Task to carry out. Keep the pictures out while you transcribe the listing below exactly.

Available data.
<<<<

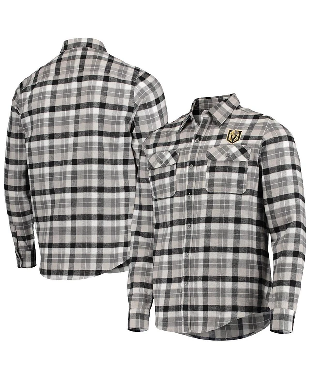 Men's Antigua Black and Gray Vegas Golden Knights Ease Plaid Button-Up Long Sleeve Shirt
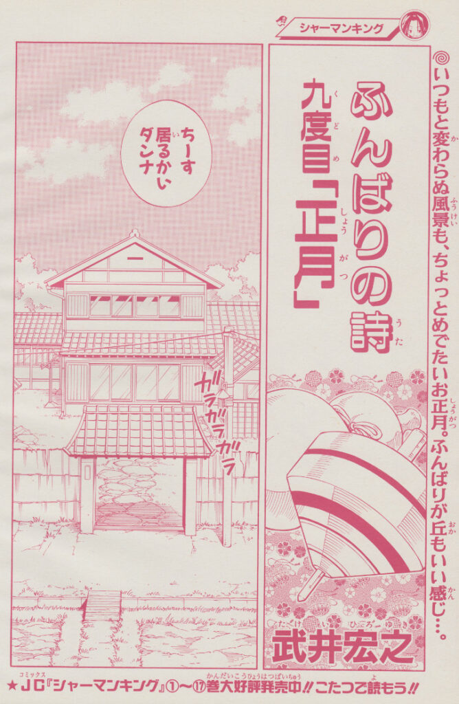 Included as a new extra was the “lost” Funbari Poem called “The 9th New Year.” The Funbari Poem (Funbari no Uta) were short extras that were originally printed in a variety of magazines in the late 90s and early 2000s. After being published in magazines such as Akamaru Jump they would then be reprinted in the standard volume releases of the manga. However one of these were never published again and became a “lost” chapter. This 5 page extra was from the Winter 2002 issue of Akamaru Jump and featured a New Years greeting for 2002.
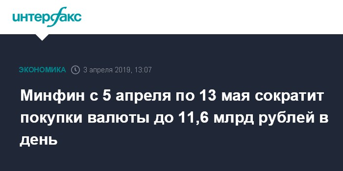 Минфин с 5 апреля по 13 мая сократит покупки валюты до 11,6 млрд рублей в день

>>>>

Exercise result.
 Men's Antigua Black and Gray Vegas Golden Knights Ease Plaid Button-Up Long Sleeve Shirt
 Included as a new extra was the “lost” Funbari Poem called “The 9th New Year.” The Funbari Poem (Funbari no Uta) were short extras that were originally printed in a variety of magazines in the late 90s and early 2000s. After being published in magazines such as Akamaru Jump they would then be reprinted in the standard volume releases of the manga. However one of these were never published again and became a “lost” chapter. This 5 page extra was from the Winter 2002 issue of Akamaru Jump and featured a New Years greeting for 2002.
 Минфин с 5 апреля по 13 мая сократит покупки валюты до 11,6 млрд рублей в день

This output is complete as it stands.